Anschließend die Scheiben wie gezeigt waschen und jeder Scheibe 50 Mikroliter Hoechst-Lösung für eine 20-minütige Inkubation bei Raumtemperatur zuweisen. Nach der Inkubation von Hoechst die Scheiben erneut waschen und jeweils 50 Mikroliter Montagemedium hinzufügen, dann einen Abdeckverschluss über die Scheiben legen und mit Nagellack versiegeln. Nachdem Sie die Objektträger 24 Stunden bei Raumtemperatur trocknen lassen, visualisieren Sie die immunhaltige und Propidieniodidaufnahme durch konfokale Mikroskopie.

Rhinale Kortex-Hippocampus-organotypische Scheiben zeigen gemischte interiktale und iktal-ähnliche Aktivität nach sieben Tagen in vitro. Nach 14 Tagen in vitro ist die spontane Aktivität durch iktale Entladungen gekennzeichnet, die sich nach 21 Tagen in vitro zu einer überwältigenden iktalen Aktivität entwickeln, wobei die iktalen Ereignisse länger als eine Minute dauern. Propidieniodidaufnahme und Immunhistochemie gegen den neuronalen Marker NeuN zeigten einen neuronalen Tod in sieben Tagen in vitro-Scheiben, der nach 14 Tagen in vitro in allen Bereichen des Hippocampus erheblich erhöht ist.

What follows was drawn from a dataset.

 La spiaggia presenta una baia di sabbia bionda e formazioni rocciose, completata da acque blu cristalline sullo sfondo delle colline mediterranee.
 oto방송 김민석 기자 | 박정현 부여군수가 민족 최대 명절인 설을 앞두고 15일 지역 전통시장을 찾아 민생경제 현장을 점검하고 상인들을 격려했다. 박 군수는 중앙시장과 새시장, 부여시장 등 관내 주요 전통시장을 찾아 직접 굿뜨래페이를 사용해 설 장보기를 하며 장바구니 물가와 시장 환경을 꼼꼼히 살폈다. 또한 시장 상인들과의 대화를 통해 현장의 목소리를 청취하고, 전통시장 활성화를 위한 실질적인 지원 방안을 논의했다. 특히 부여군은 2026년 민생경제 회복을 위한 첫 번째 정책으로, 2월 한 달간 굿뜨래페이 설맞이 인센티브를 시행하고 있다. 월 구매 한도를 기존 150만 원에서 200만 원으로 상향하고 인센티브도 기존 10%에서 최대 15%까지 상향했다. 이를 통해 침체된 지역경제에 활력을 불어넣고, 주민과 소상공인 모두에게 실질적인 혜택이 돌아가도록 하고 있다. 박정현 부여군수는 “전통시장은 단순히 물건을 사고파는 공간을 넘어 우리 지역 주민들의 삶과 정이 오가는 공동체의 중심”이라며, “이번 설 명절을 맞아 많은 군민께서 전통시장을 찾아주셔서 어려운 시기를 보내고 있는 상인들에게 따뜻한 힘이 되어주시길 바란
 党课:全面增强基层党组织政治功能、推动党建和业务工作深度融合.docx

Nach sieben Tagen in vitro sind verzweigte Mikroglia mit einer niedrigen CD68-Expression häufiger als Iba1-positive CD68-positive reaktive Mikroglia. Während nach 14 Tagen in vitro in allen Bereichen des Hippocampus Iba1-positive CD68-positive amöboide M1-Mikroglia Mikroglia mit einer niedrigen CD68-Expression überschreiten. Nach 14 Tagen in vitro können einige Iba1-positive CD68-positive Zellen mit einem hyperverzweigten Aussehen lokalisiert werden, was auf die Möglichkeit eines entzündungshemmenden M2-Mikroglia-Phänotyps hindeutet.

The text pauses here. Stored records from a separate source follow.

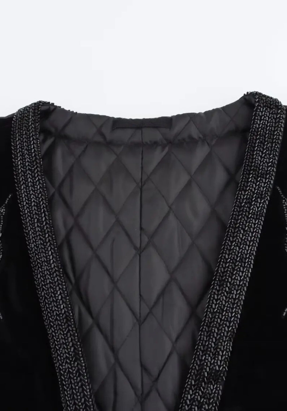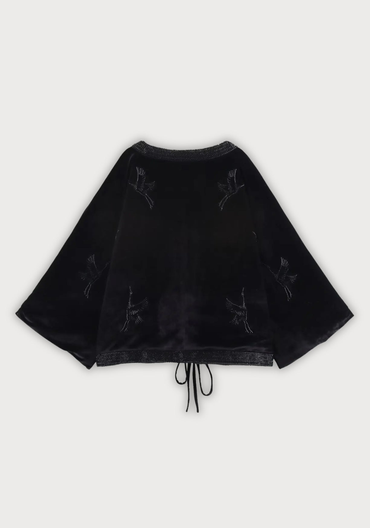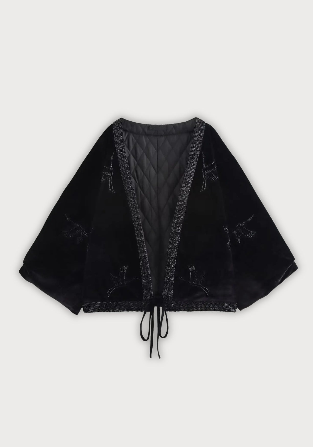 Veste kimono d’hiver noir brodé Plongez dans l’élégance d’un kimono d’hiver revisité avec une touche couture. Ce modèle court , entièrement matelassé , est doublé pour offrir chaleur et confort tout en conservant une allure sophistiquée. Son extérieur en velours noir profond capte la lumière avec subtilité, tandis que la broderie de grues ton sur ton , rehaussée de perles tubulaires noires cousues à la main, apporte du relief et une texture précieuse. La coupe ample à manches larges permet une grande liberté de mouvement et un tombé fluide. La ceinture fine en velours permet de le nouer pour souligner la taille ou de le laisser ouvert pour un look plus décontracté. Chaque détail a été pensé pour conjuguer raffinement et douceur au quotidien. À porter sur un col roulé ou une robe simple, pour ajouter une touche luxueuse et inattendue à vos tenues d’hiver. Une veste kimono pensée pour réchauffer les soirs calmes avec une touche de mystère. Composition : 100% polyester.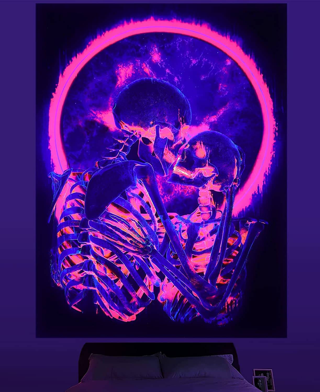 The tapestry is already beautiful under daily light. In the dark environment, the change of black light / ultraviolet light makes it more vivid and shine brightly.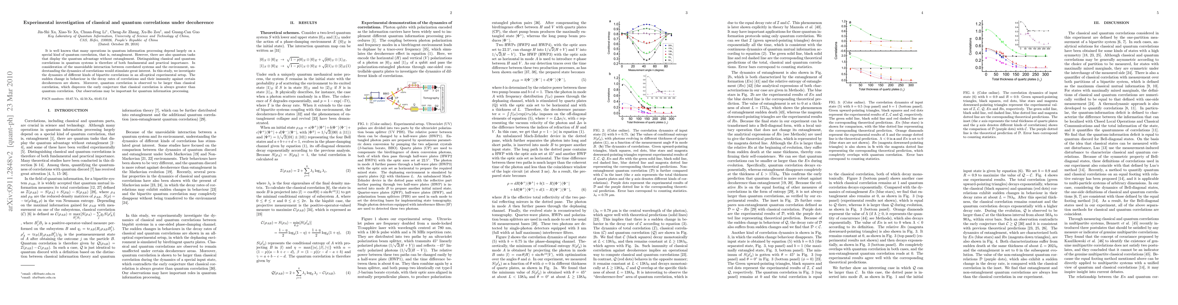 Researchers investigated the dynamics of classical and quantum correlations in a controlled experiment, finding that quantum correlations decay faster but remain more robust against decoherence than classical correlations.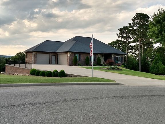 Fabulous executive home located in the Bluffs area of Holiday Island. This custom built brick & stone home features 4 bd, 3 ba, 2 liv, office, workout room, 3 car garage, separate workshop in basement and tons of extra storage. It also has a heated "enclosed porch" room on the back for enjoying coffee and the great views. There's also a great covered deck on the main level and a huge concrete patio with built in wood burning fireplace on the back to enjoy those cooler nights watching the stars. All this only a few minutes away from 27 holes of golf, tennis courts, Pickle ball courts, Olympic size community pool as well and a children's pool, baseball diamond, Party Barn and beautiful Table Rock Lake to enjoy. The property is located approximately 1 hr. 15 mins from NW Arkansas XNA Regional airport and 1 hr from Branson International Airport and just 10 mins from Historic Eureka Springs and all it has to offer. Schedule a showing today before it's gone.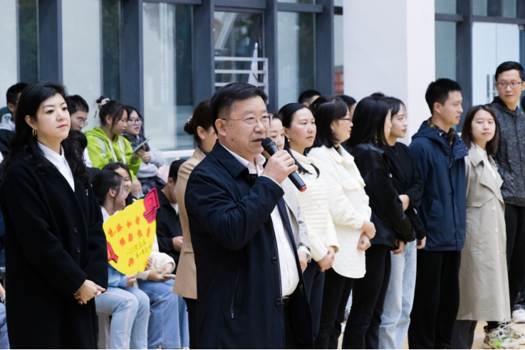 党的二十大报告指出,要“广泛开展全民健身活动,加强青少年体育工作,促进群众体育和竞技体育全面发展,加快建设体育强国。”为鼓励同学们积极投入全民健身活动,促进支部间的交流,增强团队凝聚力,展现新时代老员工积极向上的精神风貌,2022年第二届“阳光杯”迎新篮球赛于2022年11月3日在新蒲校区北区篮球场拉开帷幕,党委书记郑洪、党委副书记杨洪艳出席开幕式。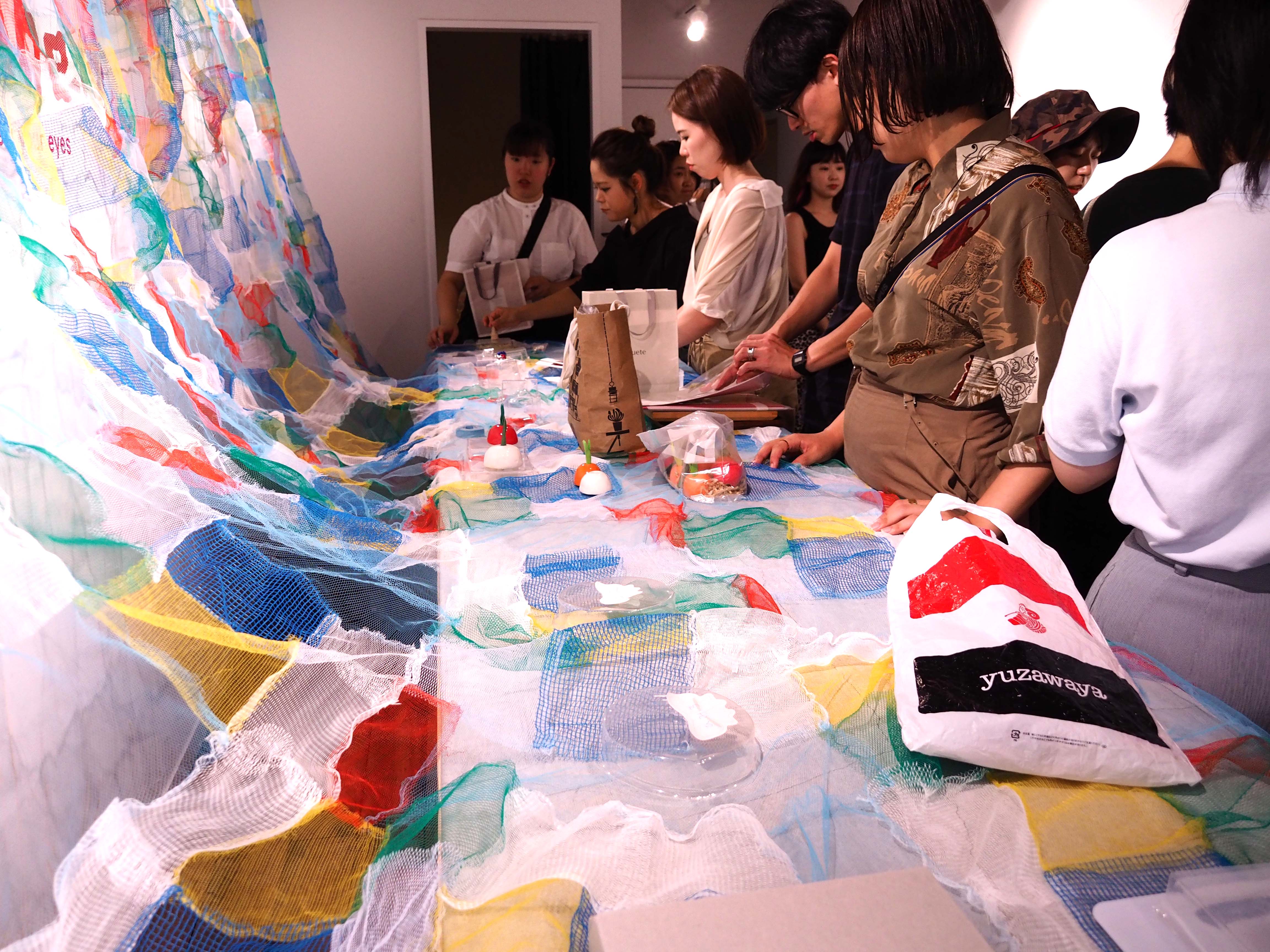 台所でよく見かけるアイテムも展示空間の素材に使用されています。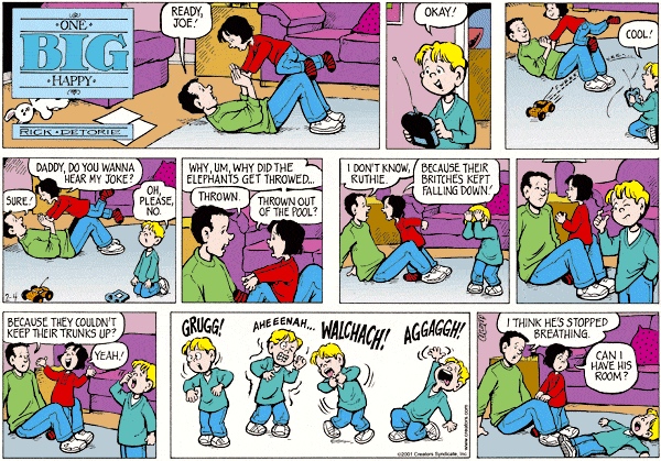 Yesterday’s One Big Happy, in which Ruthie works at telling jokes: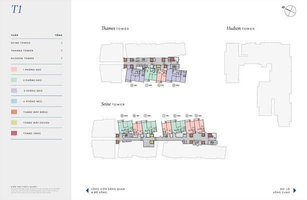 The River Thủ Thiêm được quy hoạch trên tổng diện tích 15,378m2 với 3 tòa tháp mang tên những dòng sông nổi tiếng thế giới: The Seine cao 12 tầng, The Thames và The Hudson cao 18 tầng. Tổng thể dự án cung cấp 525 căn hộ cao cấp, bao gồm 501 căn tiêu chuẩn, 12 penthouse sang trọng và 12 pool villa đẳng cấp. Mỗi tháp được trang bị hệ thống thang máy hiện đại với sảnh riêng biệt, đảm bảo sự riêng tư tuyệt đối cho cư dân.

Nach sieben Tagen in vitro ist die Expression von CD3 kaum nachweisbar, während in 14-tägigen In-vitro-Scheiben hypertrophe Gliafibrillär-saure Protein-positive CD3-positive Astrozyten beobachtet werden können, was auf eine fortschreitende Aktivierung von A1-Astrozyten hindeutet. Bereiten Sie rhinale Kortex-Hippocampus-Scheiben mit äußerster Sorgfalt vor. Stellen Sie sicher, dass Sie das überschüssige Gewebe über dem Hippocampus entfernen, da dies die Integrität der Scheiben während des Schneidens beeinträchtigen kann.

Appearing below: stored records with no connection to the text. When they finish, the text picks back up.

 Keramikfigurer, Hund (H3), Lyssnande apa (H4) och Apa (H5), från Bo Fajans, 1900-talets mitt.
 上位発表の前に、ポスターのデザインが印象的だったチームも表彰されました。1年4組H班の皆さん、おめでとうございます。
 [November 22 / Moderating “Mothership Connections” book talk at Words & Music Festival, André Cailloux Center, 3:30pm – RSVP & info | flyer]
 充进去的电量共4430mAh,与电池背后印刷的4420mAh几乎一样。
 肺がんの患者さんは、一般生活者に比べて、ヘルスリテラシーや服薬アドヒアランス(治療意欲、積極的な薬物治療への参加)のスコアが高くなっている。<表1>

Das strukturelle Defizit wirkt sich negativ auf die Lebensfähigkeit der Scheiben aus. Zusätzlich zu den demonstrierten Ansätzen kann eine Vielzahl von Assays wie Western Blot-Analyse, Real-Time-PCR und ELISA auf dieses System angewendet werden, um spezifische Fragen zur Epileptogenese zu beantworten.